Next: , Previous: Auto-Overlay Functions, Up: Top


3 Worked Example

The interaction of all the different regexp definitions, overlay properties and auto-overlay classes provided by the auto-overlay package can be a little daunting. This section will go through an example of how the auto-overlay regexps could be defined to create overlays for a subset of LaTeX, which is complex enough to demonstrate most of the features.

LaTeX is a markup language, so a LaTeX document combines markup commands with normal text. Commands start with ‘\’, and end at the first non-word-constituent character. We want to highlight all LaTeX commands in blue. Two commands that will particularly interest us are ‘\begin’ and ‘\end’, which begin and end a LaTeX environment. The environment name is enclosed in braces: ‘\begin{environment-name}’, and we want it to be highlighted in pink. LaTeX provides many environments, used to create lists, tables, titles, etc. We will take the example of an ‘equation’ environment, used to typeset mathematical equations. Thus equations are enclosed by ‘\begin{equation}’ and ‘\end{equation}’, and we would like to highlight these equations in yellow. Another example we will use is the ‘$’ delimiter. Pairs of ‘$’s delimit mathematical expressions that appear in the middle of a paragraph of normal text (whereas ‘equation’ environments appear on their own, slightly separated from surrounding text). Again, we want to highlight these mathematical expressions, this time in green. The final piece of LaTeX markup we will need to consider is the ‘%’ character, which creates a comment that lasts till the end of the line (i.e. text after the ‘%’ is ignored by the LaTeX processor up to the end of the line).

LaTeX commands are a good example of when to use word regular expressions (see Overview). The appropriate regexp definition is loaded by

     (auto-overlay-load-definition
      'latex
      '(word ("\\\\[[:alpha:]]*?\\([^[:alpha:]]\\|$\\)"
              (face . (background-color . "blue")))))

We have called the regexp set latex.

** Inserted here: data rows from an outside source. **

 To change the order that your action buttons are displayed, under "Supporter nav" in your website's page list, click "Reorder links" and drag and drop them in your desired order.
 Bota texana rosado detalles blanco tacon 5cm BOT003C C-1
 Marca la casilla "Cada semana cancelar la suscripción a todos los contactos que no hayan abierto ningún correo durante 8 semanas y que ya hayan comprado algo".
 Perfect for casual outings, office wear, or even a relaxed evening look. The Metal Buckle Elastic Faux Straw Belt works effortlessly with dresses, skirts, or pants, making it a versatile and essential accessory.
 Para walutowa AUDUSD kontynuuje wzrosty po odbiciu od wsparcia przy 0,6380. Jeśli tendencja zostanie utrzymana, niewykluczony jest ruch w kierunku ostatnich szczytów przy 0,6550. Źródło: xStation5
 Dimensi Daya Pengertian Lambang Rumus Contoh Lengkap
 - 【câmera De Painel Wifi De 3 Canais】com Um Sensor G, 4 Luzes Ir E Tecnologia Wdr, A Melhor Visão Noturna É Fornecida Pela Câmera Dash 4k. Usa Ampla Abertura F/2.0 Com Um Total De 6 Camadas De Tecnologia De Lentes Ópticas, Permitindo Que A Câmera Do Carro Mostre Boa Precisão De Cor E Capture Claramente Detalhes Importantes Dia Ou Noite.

The face property is a standard Emacs overlay property that sets font properties within the overlay. See Overlay Properties. "\\\\" is the string defining the regexp that matches a single\’. (Note that the ‘\’ character has a special meaning in regular expressions, so to include a literal one it must be escaped: ‘\\’. However, ‘\’ also has a special meaning in lisp strings, so both ‘\’ characters must be escaped there too, giving \\\\.) [[:alpha:]]*? matches a sequence of zero or more letter characters. The ? ensures that it matches the shortest sequence of letters consistent with matching the regexp, since we want the region to end at the first non-letter character, matched by [^[:alpha:]]. The \| defines an alternative, to allow the LaTeX command to be terminated either by a non-letter character or by the end of the line ($). See Regular Expressions, for more details on Emacs regular expressions.

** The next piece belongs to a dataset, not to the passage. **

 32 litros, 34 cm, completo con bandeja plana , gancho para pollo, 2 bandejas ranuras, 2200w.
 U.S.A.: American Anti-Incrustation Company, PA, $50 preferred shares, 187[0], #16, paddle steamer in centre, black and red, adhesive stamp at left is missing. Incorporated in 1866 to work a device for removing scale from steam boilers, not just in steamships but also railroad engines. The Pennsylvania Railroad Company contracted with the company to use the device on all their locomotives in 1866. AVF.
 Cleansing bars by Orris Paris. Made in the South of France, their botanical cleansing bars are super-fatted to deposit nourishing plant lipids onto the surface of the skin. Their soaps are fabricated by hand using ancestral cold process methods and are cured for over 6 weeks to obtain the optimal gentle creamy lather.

However, there's a small problem. We only want the blue background to cover the characters making up a LaTeX command. But as we've defined things so far, it will cover all the text matched by the regexp, which includes the leading ‘\’ and the trailing non-letter character. To rectify this, we need to group the part of the regexp that matches the command (i.e. by surround it with ‘\(’ and ‘\)’), and put the regexp inside a cons cell containing the regexp in its car and a number indicating which subgroup to use in its cdr:

     (auto-overlay-load-definition
      'latex
      '(word (("\\\\[[:alpha:]]*?\\([^[:alpha:]]\\|$\\)" . 1)
              (face . (background-color . "blue")))))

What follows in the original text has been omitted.